Shaking Hands- LE
- Source:
- ukiyo-e.org
Description
Shaking Hands- LE is a limited edition print associated with Tetsuro Komai, the pioneering Showa modernist who is widely regarded as the father of modern Japanese contemporary etching. The print is preserved in the ukiyo-e.org reference archive, where it is catalogued under the broader umbrella of postwar Japanese printmakers whose work bridged the gap between traditional hanga sensibilities and the international language of European-influenced intaglio. The image, with its understated title, gestures toward themes of human connection and quiet encounter that recur throughout Komai's body of work, where figures and motifs are often distilled into emblematic shapes set against fields of textured, atmospheric ground. Tetsuro Komai (1920-1976) trained in Tokyo and absorbed the rigor of European etching traditions, particularly the dry, linear discipline of artists like Stanley William Hayter, whom he encountered through his time in Paris in the 1950s. He brought that vocabulary back to Japan and effectively founded contemporary etching as a serious discipline within the sosaku-hanga (creative print) movement, training a generation of printmakers at Tokyo University of the Arts.
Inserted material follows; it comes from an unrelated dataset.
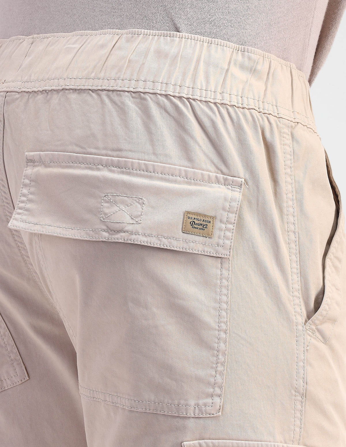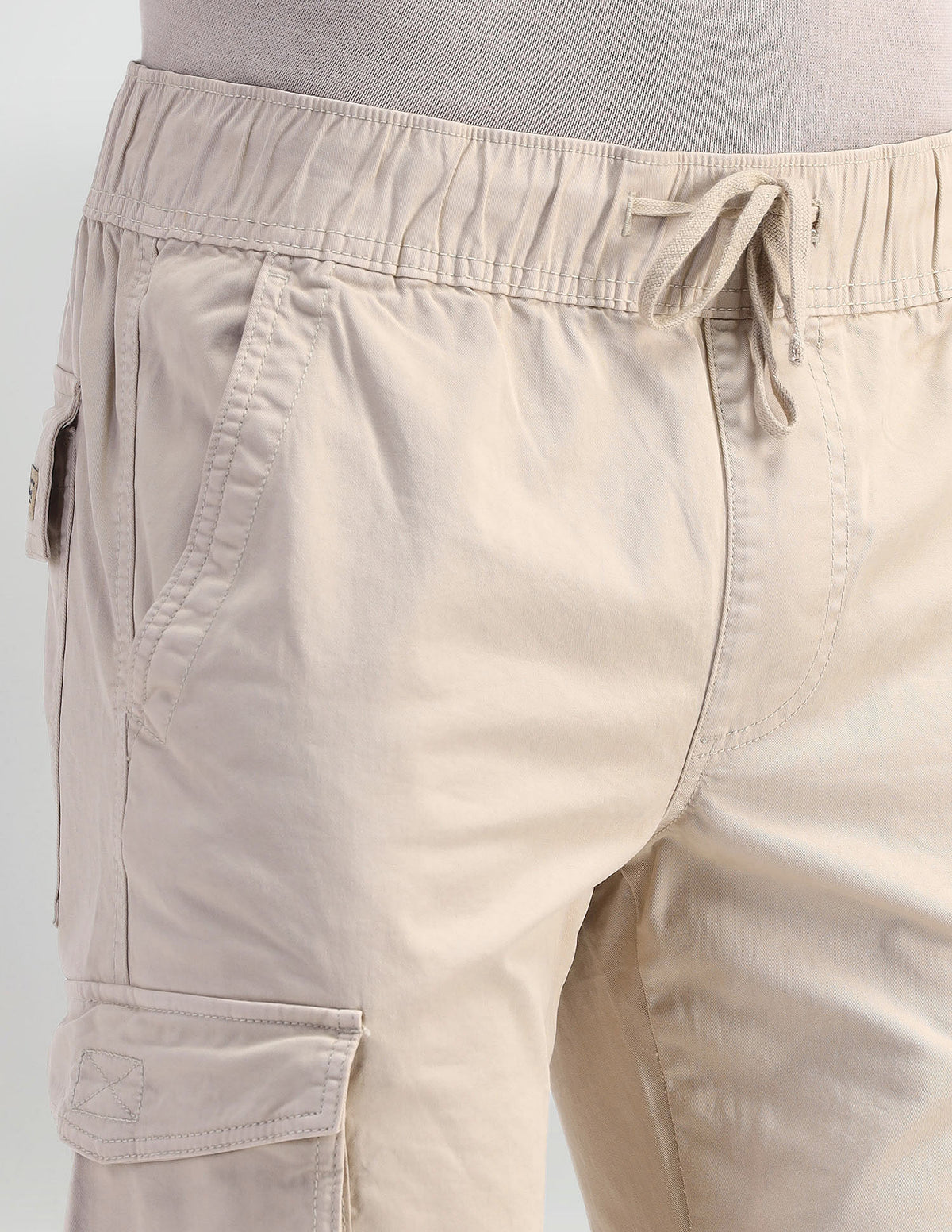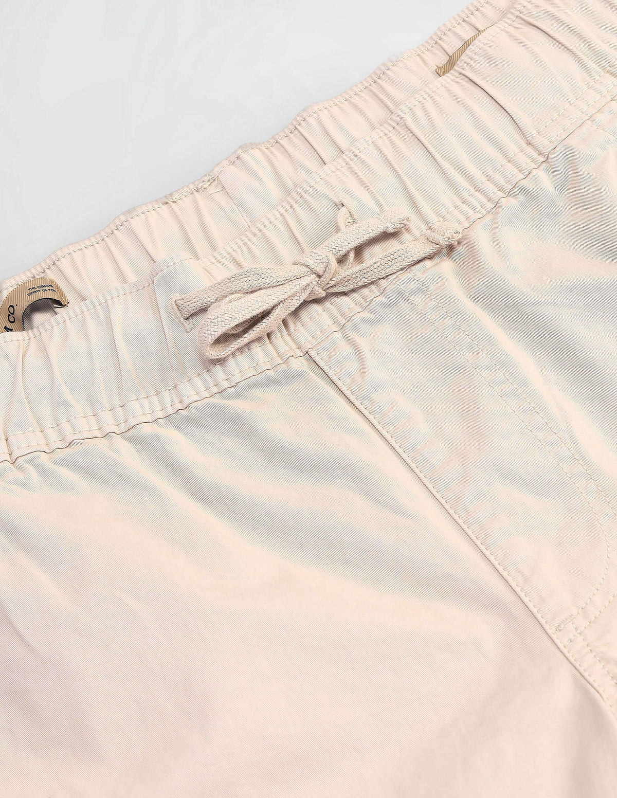 | Mid-rise waist | Drawstring closure | Six pockets | Flat front | Solid pattern | Twill weave | Straight fit |

As a Showa modernist, Komai favored copperplate intaglio over the woodblock medium that dominated Japanese print history, and his compositions are recognizable for their restrained palette, finely bitten lines, and a poetic, almost surrealist sense of space. A handshake, in this context, reads less as a literal narrative scene and more as a symbol -- a meeting of hands, cultures, or memories rendered in the spare, contemplative idiom that defined his contribution to Japanese contemporary etching. For collectors and researchers, Shaking Hands- LE offers a window into the limited-edition practice that Komai helped normalize in Japan, where signed and numbered impressions established the modern print as a collectible art object on par with painting. Source: ukiyo-e.org image archive (Image ID 00039890).